Regular Expressions

ArticleCategory: [Choose a category for your article]

UNIX Basics

AuthorImage:[Here we need a little image form you]

[Photo of the Author]

TranslationInfo:[Author and translation history]

original in en Guido Socher 

AboutTheAuthor:[A small biography about the author]

Loves linux because it is a free system and it is also a lot of fun to work with people from the Linux community all over the world. He spends his spare time with his girl-friend, listens to BBC World Service radio, rides his bike through the countryside and enjoys playing with Linux.

Abstract:[Here you write a little summary]

Regular expressions are used for advanced context sensitive searches and text modifications. They can be found in many advanced editors, in parser programs and in languages.

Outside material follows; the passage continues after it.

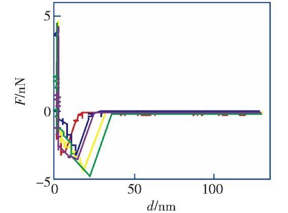 筆者利用原子力顯微鏡實(shí)驗(yàn)測(cè)量了HOPG表面在醇-水替換前后的力距離曲線,發(fā)現(xiàn)醇-水替換前進(jìn)針曲線的跳進(jìn)距離小于5 nm,滿(mǎn)足DLVO理論;而在醇-水替換后納米氣泡覆蓋率為21.8%的情況下,進(jìn)針曲線的跳進(jìn)距離均大于10 nm,不能再用DLVO理論解釋?zhuān)C明了IGE與納米氣泡共存這一現(xiàn)象。根據(jù)改進(jìn)的Laplace-Young方程,結(jié)合文獻(xiàn)中對(duì)納米氣泡線張力值的計(jì)算結(jié)果,分析負(fù)的線張力對(duì)過(guò)渡區(qū)內(nèi)局部表面張力及局部固-液界面的影響,導(dǎo)致納米氣泡的接觸角反常小的原因之一。分析并討論雜質(zhì)對(duì)納米氣泡接觸角的影響,指出IGE與納米氣泡共存、線張力及雜質(zhì)影響的共同作用是導(dǎo)致納米氣泡接觸角“反常小”的原因。

ArticleIllustration:[This is the title picture for your article]

[Illustration]

ArticleBody:[The article body]

Introduction

Regular expressions can be found in many advanced editors like vi and emacs, in the programs grep/egrep and languages like awk, perl and sed.

Regular Expressions are used for advanced context sensitive searches and text modifications. A Regular Expression is a formal description of a template to be matched against a text string.

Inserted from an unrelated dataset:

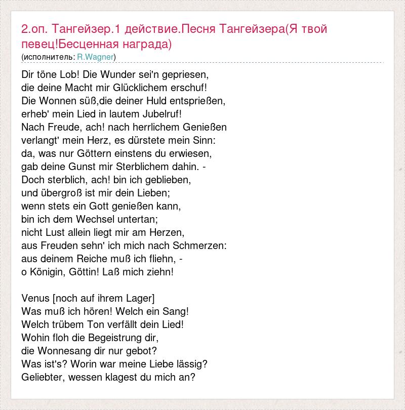 Dir töne Lob! Die Wunder sei'n gepriesen, die deine Macht mir Glücklichem erschuf! Die Wonnen süß,die deiner Huld entsprießen, erheb' mein Lied in lautem Jubelruf! Nach Freude, ach! nach herrlichem Genießen verlangt' mein Herz, es dürstete mein Sinn: da, was nur Göttern einstens du erwiesen, gab deine Gunst mir Sterblichem dahin. - Doch sterblich, ach! bin ich geblieben, und übergroß ist mir dein Lieben; wenn stets ein Gott genießen kann, bin ich dem Wechsel untertan; nicht Lust allein liegt mir am Herzen, aus Freuden sehn' ich mich nach Schmerzen: aus deinem Reiche muß ich fliehn, - o Königin, Göttin! Laß mich ziehn! Venus [noch auf ihrem Lager] Was muß ich hören! Welch ein Sang! Welch trübem Ton verfällt dein Lied! Wohin floh die Begeistrung dir, die Wonnesang dir nur gebot? Was ist's? Worin war meine Liebe lässig? Geliebter, wessen klagest du mich an?

When I saw several years ago a person using regular expressions I was fascinated. Text editing and searching tasks that would normally take hours could be done in just a few seconds. Yet, I did not understand a word when I saw the expressions on the screen. They looked like a strange combination of dots slashes, stars and some other characters. Still I was determined to learn how they worked and soon I found that they are quite easy to use. They follow a few simple syntax rules.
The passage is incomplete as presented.